Hi all,
I have been struggling with Cassandra’s lack of adhoc query support (I know
this is an anti-pattern of Cassandra, but sometimes management come over
and ask me to run stuff and it’s impossible to explain that it will take me
a while when it would take about 10 seconds in MySQL) so I have put
together the following code snippet that bundles DataStax’s Cassandra Spark
connector and allows you to submit Spark SQL to it, outputting the results
in a text file.
Does anyone spot any obvious flaws in this plan?? (I have a lot more error
handling etc in my code, but removed it here for brevity)

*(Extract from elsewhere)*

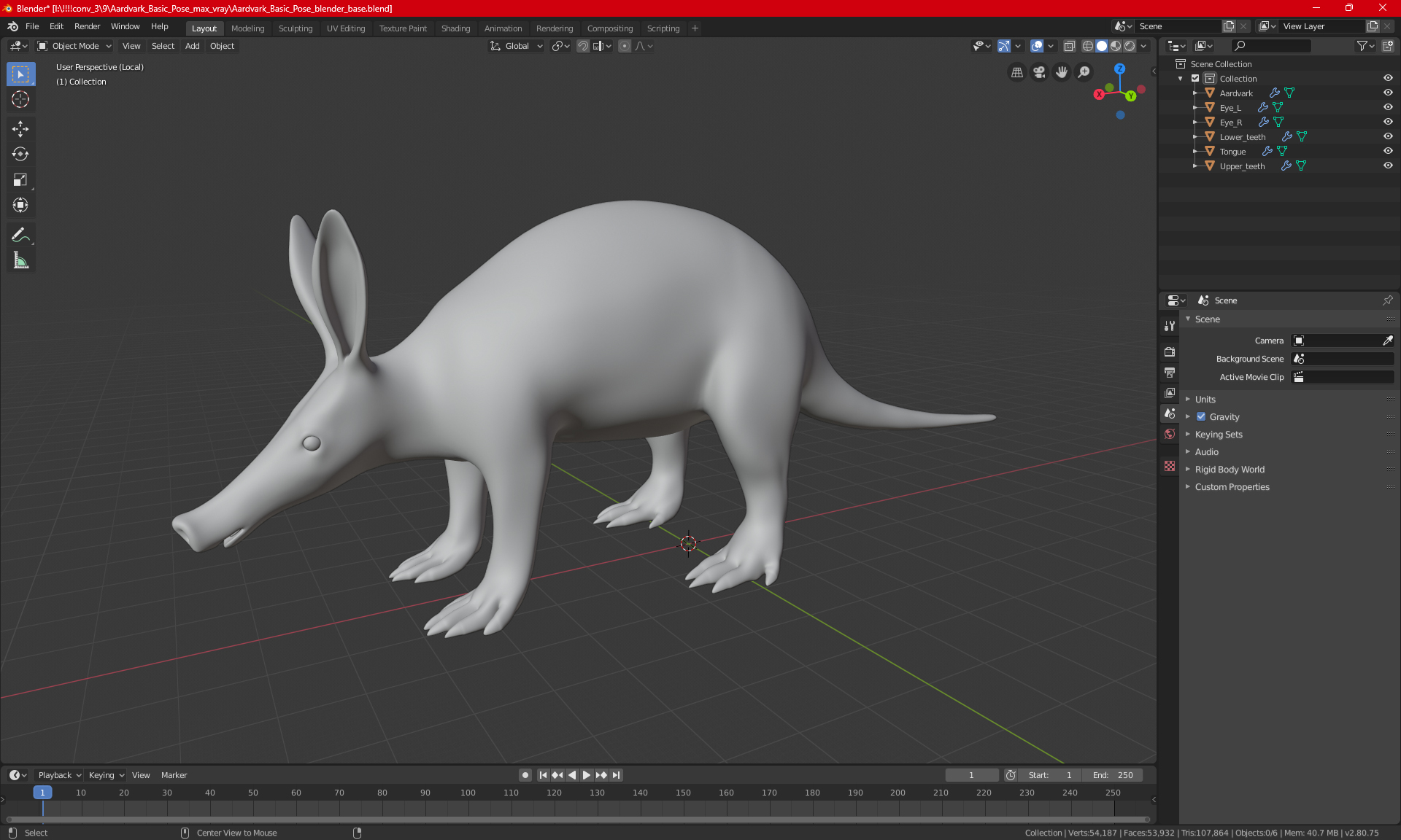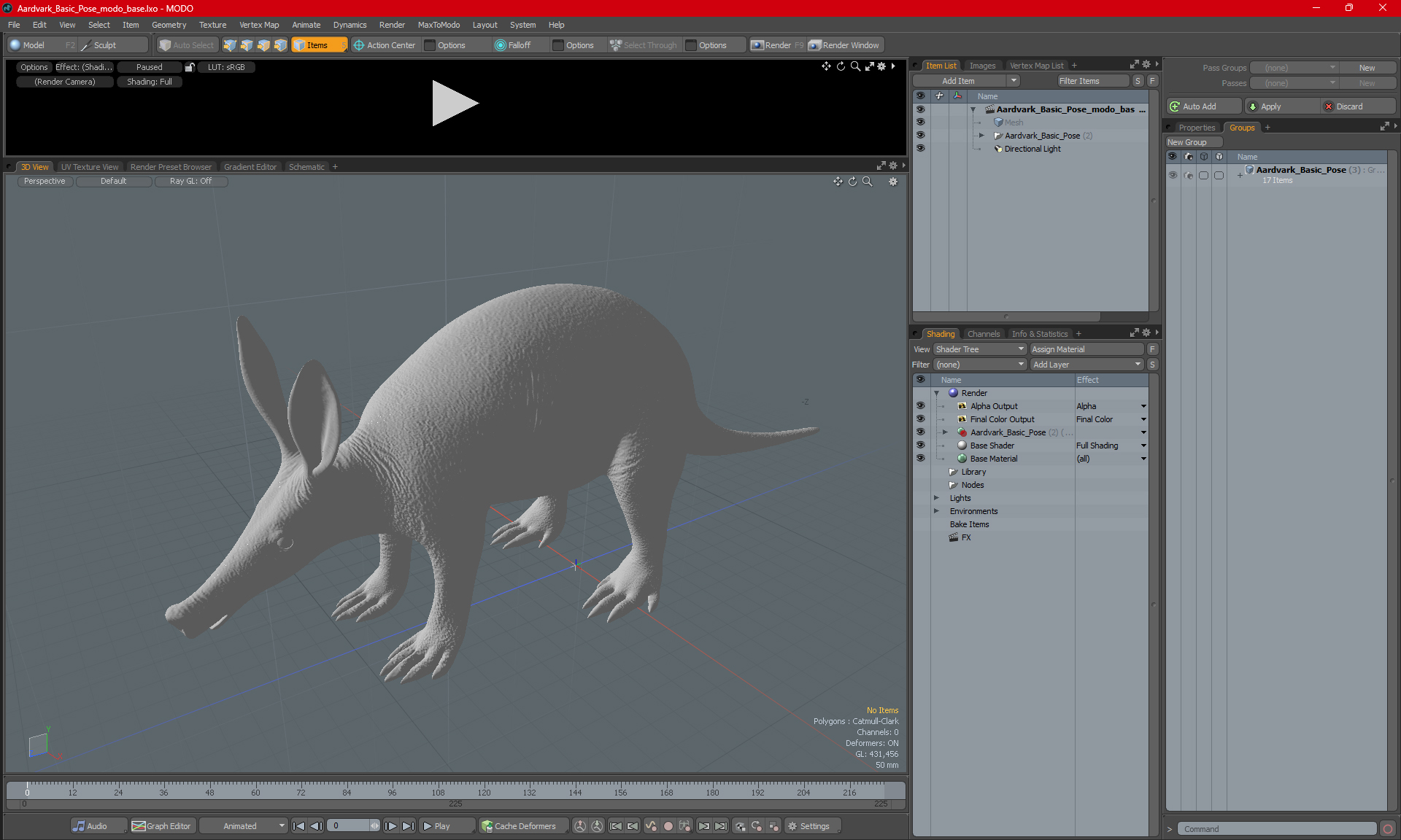 Aardvark Basic Pose is a three-dimensional model of aardvark (anteater, African ant bear, Orycteropus afer, or Cape anteater), which is an medium-sized, African, burrowing, nocturnal, mammal cute animal with a funny long snout, similar to that of a pig, which is used to sniff out food.

*private* *void* run(String sqlQuery) {
SparkContext scc = *new* SparkContext(conf);
CassandraSQLContext csql = *new* CassandraSQLContext(scc);
DataFrame sql = csql.sql(sqlQuery);
String folderName = "/tmp/output_" + System.*currentTimeMillis*();
*LOG*.info("Attempting to save SQL results in folder: " +
folderName);
sql.rdd().saveAsTextFile(folderName);
*LOG*.info("SQL results saved");
}
*public* *static* *void* main(String[] args) {
String sparkMasterUrl = args[0];
String sparkHost = args[1];
String sqlQuery = args[2];
SparkConf conf = *new* SparkConf();
conf.setAppName("Java Spark SQL");
conf.setMaster(sparkMasterUrl);
conf.set("spark.cassandra.connection.host", sparkHost);
JavaSparkSQL app = *new* JavaSparkSQL(conf);
app.run(sqlQuery, printToConsole);
}
I can then submit this to Spark with ‘spark-submit’:
Ø *./spark-submit --class com.algomi.spark.JavaSparkSQL --master
spark://sales3:7077
spark-on-cassandra-0.0.1-SNAPSHOT-jar-with-dependencies.jar
spark://sales3:7077 sales3 "select * from mykeyspace.operationlog" *
It seems to work pretty well, so I’m pretty happy, but wondering why this
isn’t common practice (at least I haven’t been able to find much about it
on Google) – is there something terrible that I’m missing?
Thanks!
Matthew